A PRC court shall not accept an action initiated by one of the parties if the parties have concluded an arbitration agreement, unless the arbitration agreement is invalid. However, there is no compulsory legal proceeding in China to check the validity of an arbitration agreement before the first hearing of the arbitration tribunal or litigation. If the parties object to the validity of the arbitration agreement, they may apply to the arbitration commission for a decision or to a court for a ruling. If one of the parties requests for a decision from the arbitration commission, but the other party applies to a court for a ruling, the court shall give the ruling.

Additional attention shall be paid to the governing law used to solve the dispute, controversy or claim arising out of or in connection with a JV contract: that chosen law will not automatically become the applicable law for the court in China to decide the validity of arbitration clause.

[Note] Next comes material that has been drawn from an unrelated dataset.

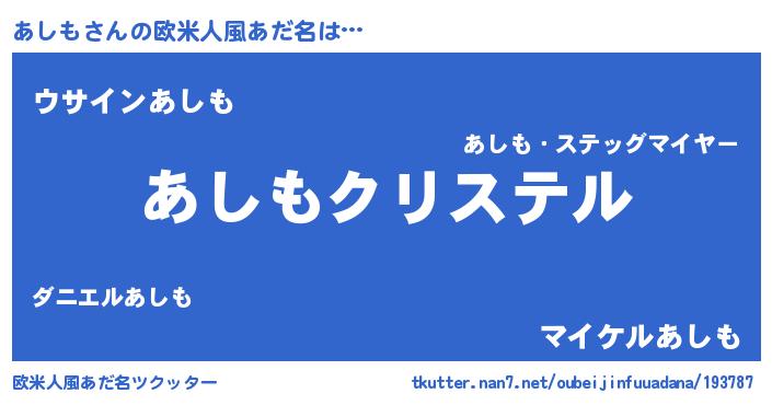 | 意味不明あだ名 | 『あしもフォーエバー』『ペロリンあしも』 |

A separate principle is used for PRC local courts to decide the applicable law in relation to the validity of arbitration clauses pursuant to the “Circular of the Supreme People's Court on the Issuance of the Minutes of Second National Foreign-Related Commercial Maritime Trial Work Meeting”:

(1) Where the law governing the validity of the arbitration clause is explicitly stipulated in the contract, such law shall be applied;

(2) Where the place of arbitration is agreed in the contract in which no law governing arbitration validity of the arbitration clauses is provided, the law in the country or region of place of arbitration shall be applied;

(3) Only when no law governing the validity of the arbitration clauses or place of arbitration is agreed or when the agreement upon place of arbitration is ambiguous shall the law in the place of the court (i.e. the laws of PRC) be taken as the law governing the validity of the arbitration clauses. 

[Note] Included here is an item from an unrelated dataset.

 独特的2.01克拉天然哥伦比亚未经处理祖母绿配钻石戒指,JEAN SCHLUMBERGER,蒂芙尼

o Enforcement of arbitration award

The Convention on the Recognition and Enforcement of Foreign Arbitral Awards as adopted in 1958 in New York (“New York Convention”) came into force in China on 22 April 1987 which makes it easier to enforce foreign arbitration awards in China.

In accordance with the reciprocity reservation declaration made by China upon its accession to the New York Convention, China will only apply the New York Convention to the recognition and enforcement of arbitral awards made in the territory of another contracting state, which include Denmark, France, America, Germany, UK, and others. It’s important to check whether the country selected by both parties for arbitration is included in the contracting country list of the New York Convention.

Although China has loosened its administrative management rules for foreign entities to invest in China, there are still some practical issues to be observed when cooperating with Chinese companies for the establishment of joint ventures, and careful consideration shall be made to possible scenarios of a breakdown of the relationship. Even if in the end formal dispute resolution proceedings are not employed the possibility of invoking these can create the crucial leverage for a foreign investor to succeed in negotiations.